The Athletics struck early as they scored three times in the first inning on three singles, two hit batsmen, and an error. Al Curtiss led off the inning by being hit with a pitch and Curtis Watts followed with a single — the first of his game-high three hits. After Jim Capehart flied to left field, Chester Lemon was struck by a pitched ball and Charlie Gipson lined a single to center to score Curtis and Watts. Ron Williamson singled in Gipson with the third run of the inning. Lemon later poled a tremendous homerun over the left-field fence in the seventh.

Miles to lead Marshfield hoops

Pirates hire Myrtle Point grad and Dayton coach who won two Class 2A championships

Marshfield High School has turned to a South Coast graduate with two state titles under his belt for its new boys basketball coach.

Doug Miles, a 1988 graduate of Myrtle Point High School, hopes to bring the same success he had at Dayton to Marshfield.

“I’m excited,” Miles said Tuesday. “It’s a great challenge and a big step. I’m not taking it lightly.”

Miles was named the Class 2A coach of the year for boys sports by the Oregon Coaches Association last month after leading Dayton’s Pirates to their second straight Class 2A state title. He has been at Dayton four years and earlier served as an assistant under two of the state’s better-known and most-successful Class 3A coaches. He spent four years at Madras as junior varsity coach under Evan Brown and two years at Philomath as JV coach under Dave Garvin.

“He’s had two mentors who were outstanding coaches,” said Greg Mulkey, Marshfield’s new athletic director.

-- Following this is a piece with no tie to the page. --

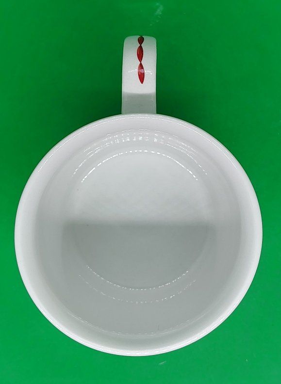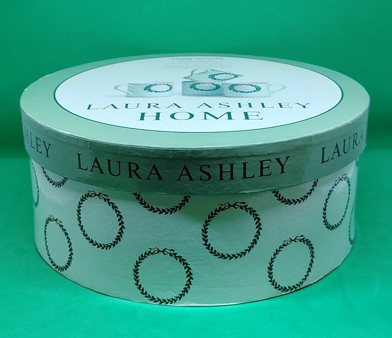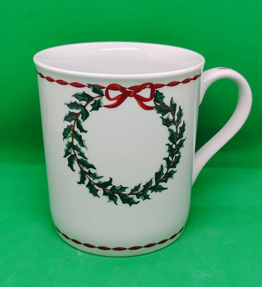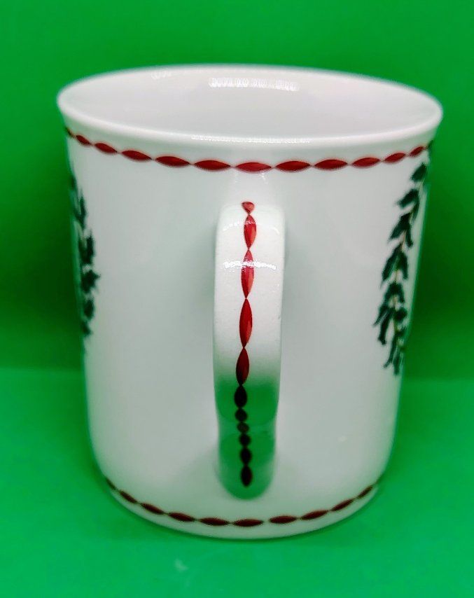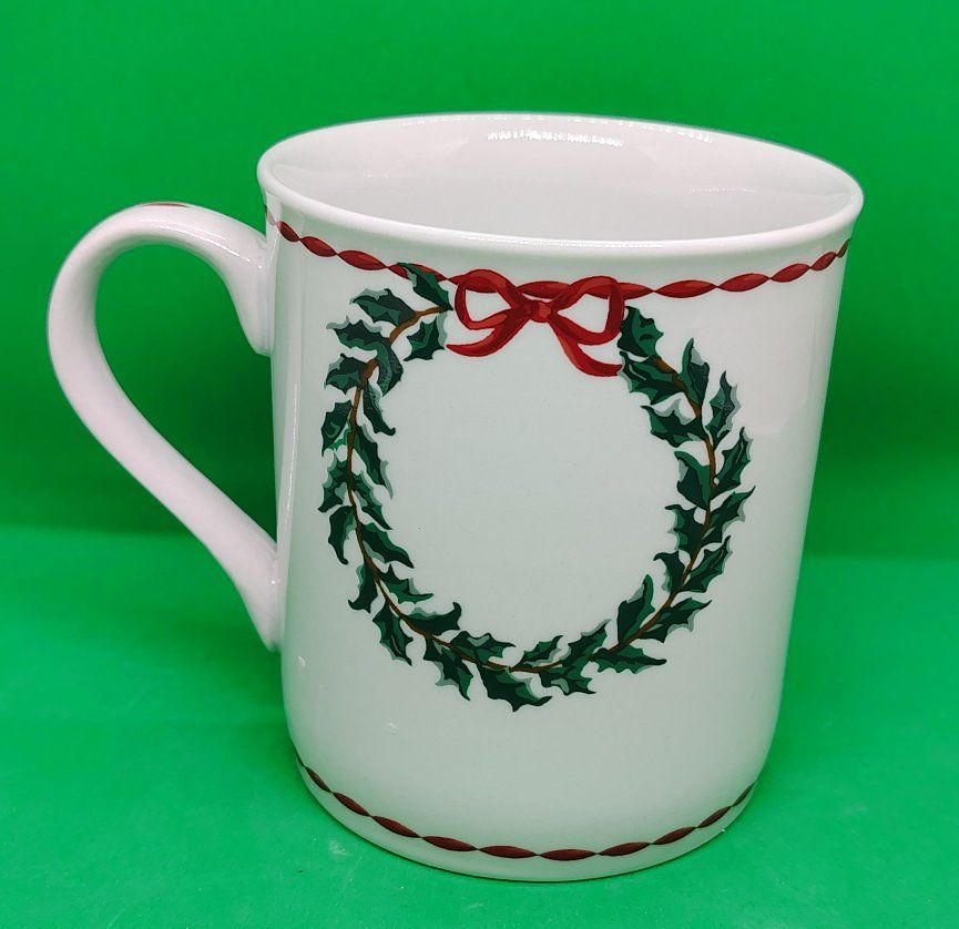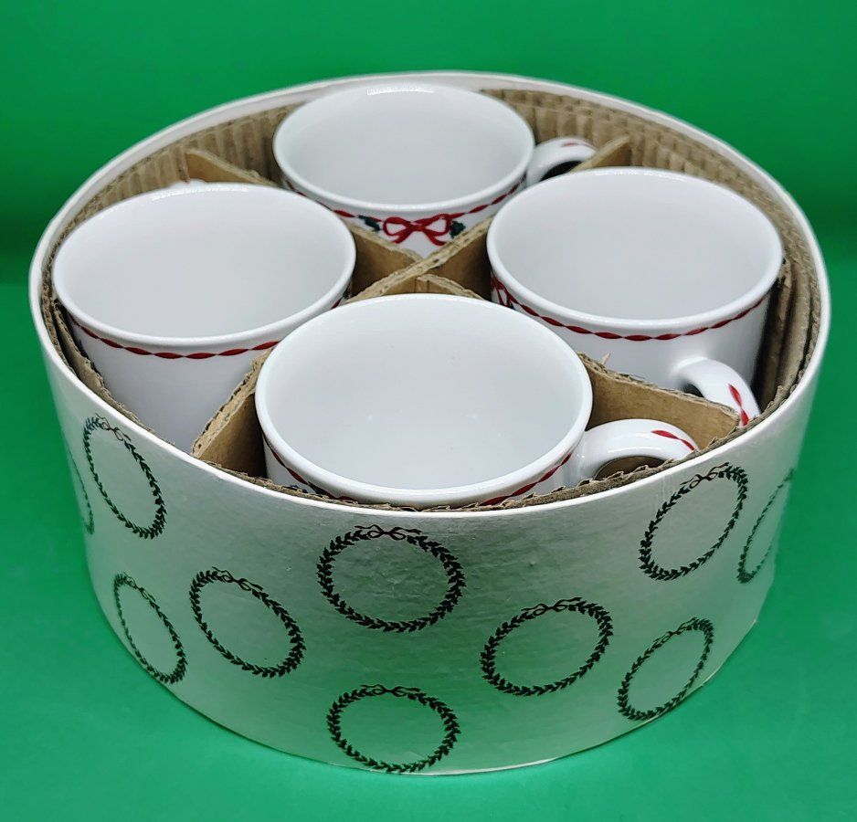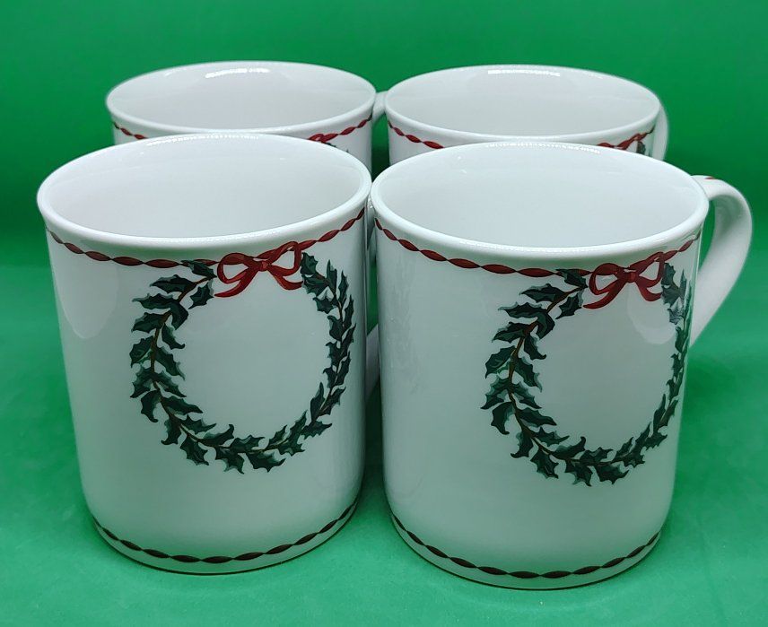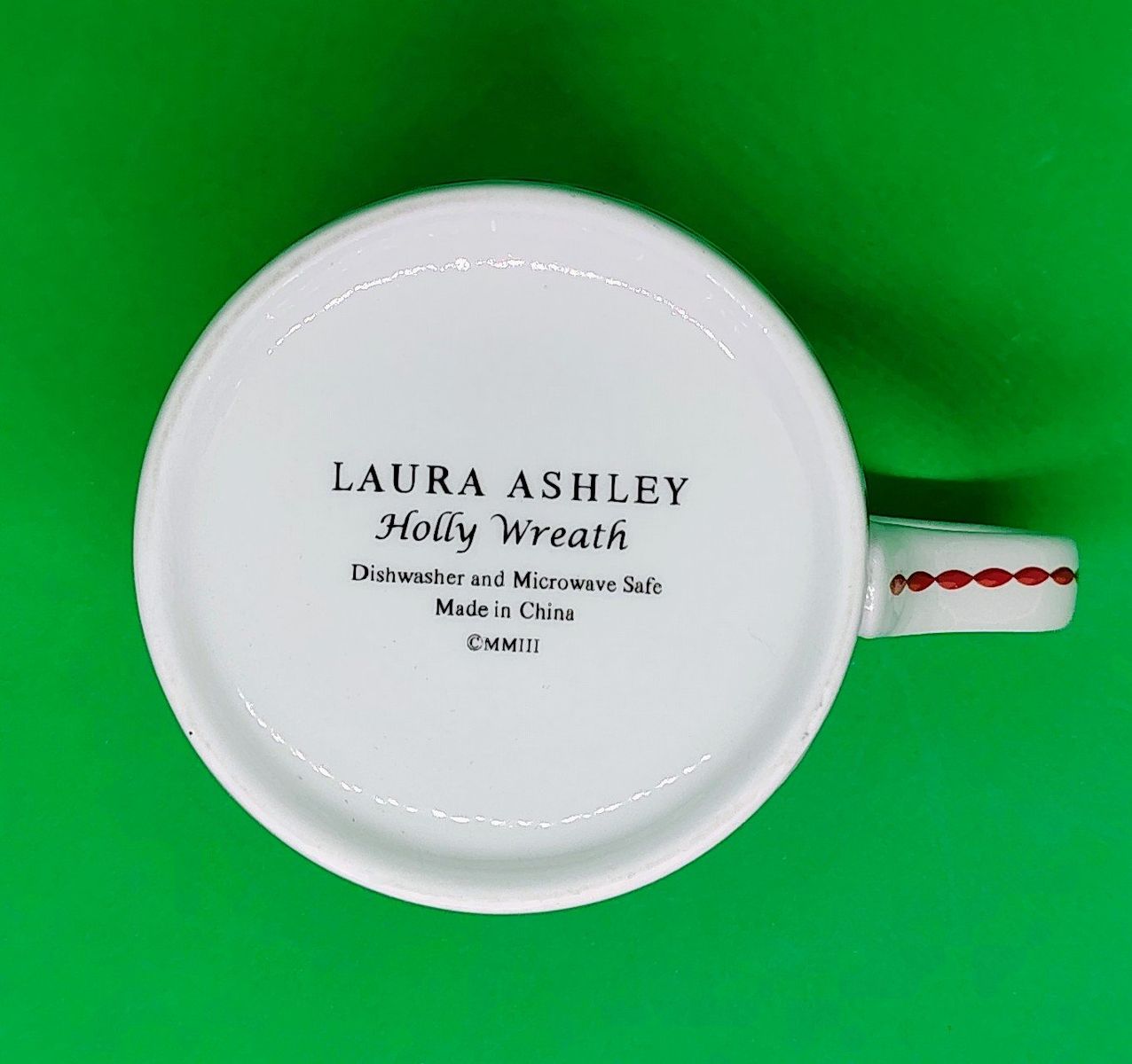This is a Laura Ashley "Holly Wreath" Porcelain Mug Set. It is a festive collection including four 12 oz (35.5 cl) mugs, packaged in a decorative round gift box. Design: Features a classic holiday holly wreath motif with a red ribbon on a white porcelain background, accented by red pinstripes around the rim. Material: Crafted from high-quality porcelain, which is generally durable and has a glossy finish. Pattern History: This specific "Holly Wreath" pattern was manufactured around 2006–2007 and is currently a retired/discontinued line. Each mug is , 4 inches H, 3.5 inches Dia. A little abrasion on the box.
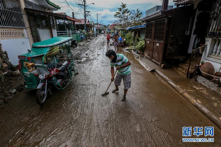 11月2日,一名男子在菲律宾八打雁省清扫洪水过后的路面。台风“天鹅”带来的强降雨引发洪水。 台风“天鹅”11月1日在菲律宾吕宋岛东南沿海登陆,目前已造成该国至少16人死亡。 新华社发(乌马利摄)

It wasn’t just Miles’ coaching experience, but also his personality that made him a top candidate in the eyes of Mulkey.

“He has a strong character and integrity he’s going to hopefully bring to Marshfield,” Mulkey said.

Miles also had a desire to return to the South Coast where he grew up. Both he and his wife Nicki are graduates of Myrtle Point and they have two young boys — Jake, 5, and Jordan, 2.

These stories were found in the Marshfield Sun Printing Museum newspaper repository stored in Marshfield High School.